LOL---I was actually a little worried you'd think I was being a "Wise Guy".

Actually what I do is I cut a 9" X 11" Foil pan in half. Then I put one of the halves (upside down) on the rack above the AMNPS, so it shields the AMNPS from drips.

I save the other half for when the first half gets too full of baked on drippings (about 5 to 10 smokes depending on what you're smoking).

Bear


----------



## tony gilbert (Feb 16, 2017)

o yeah great idea!  can get some at dollar tree.    thanks bear.  and not offended made me laugh actually!    and once again army (vet) helping out Air force (vet)


----------



## Bearcarver (Feb 16, 2017)

Tony Gilbert said:


> o yeah great idea!  can get some at dollar tree.    thanks bear.  and not offended made me laugh actually!    and once again army (vet) helping out Air force (vet)


LOL---Fly Boys are good to have around !!

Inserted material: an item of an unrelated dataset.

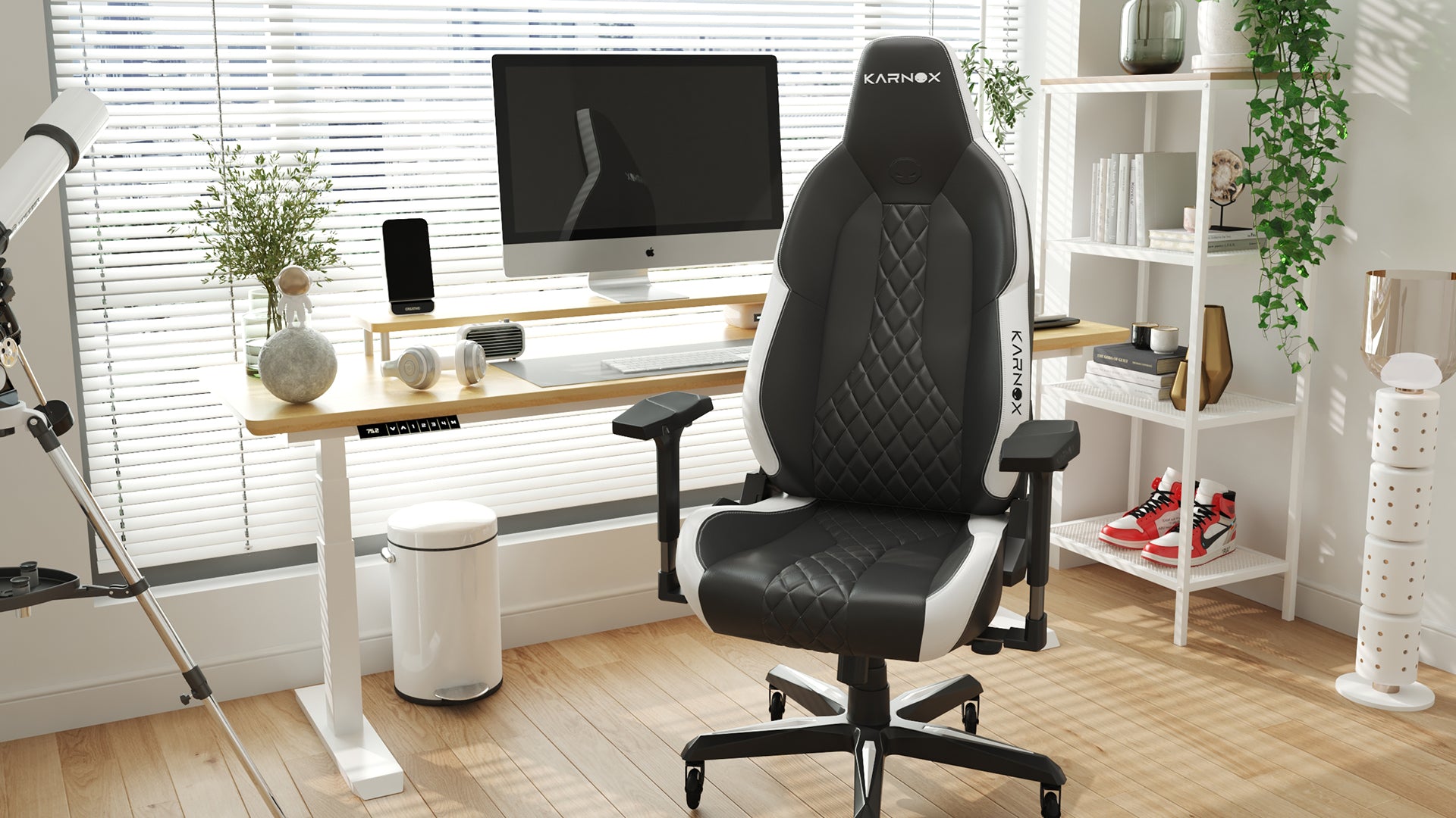 PU Casters:Effortlessly glide on our sturdy reinforced base.Soft Rollerblade Casters:Karnox's upgraded casters feature a softer surface, ensuring smooth and quiet gliding for an enhanced user experience.

I used to watch them dive bomb & drop 500 pounders on VC Isle, almost daily.

Bear


----------



## tony gilbert (Feb 16, 2017)

1987-1997  security police


----------



## Bearcarver (Feb 16, 2017)

Tony Gilbert said:


> 1987-1997  security police


Ouch---SPs---I saw some of them at Tan Sun Nhut Air Base, at Saigon in !969. Had to behave ourselves there!!
	

	
	
		
		



		
			






My brother was an MP in Qui Nhon, in 1965 & 1966.

Bear


----------



## tony gilbert (Feb 16, 2017)

we loved to party! had some good parties with u army folk, in Panama  after Noriega got removed, and Saudi  during desert storm


----------



## Bearcarver (Feb 16, 2017)

Tony Gilbert said:


> we loved to party! had some good parties with u army folk, in Panama  after Noriega got removed, and Saudi  during desert storm


No Flyers in my Base Camp (Dong Tam). Had about 8,000 Army, about 60 Navy, and a few Chu Hoi.

Bear


----------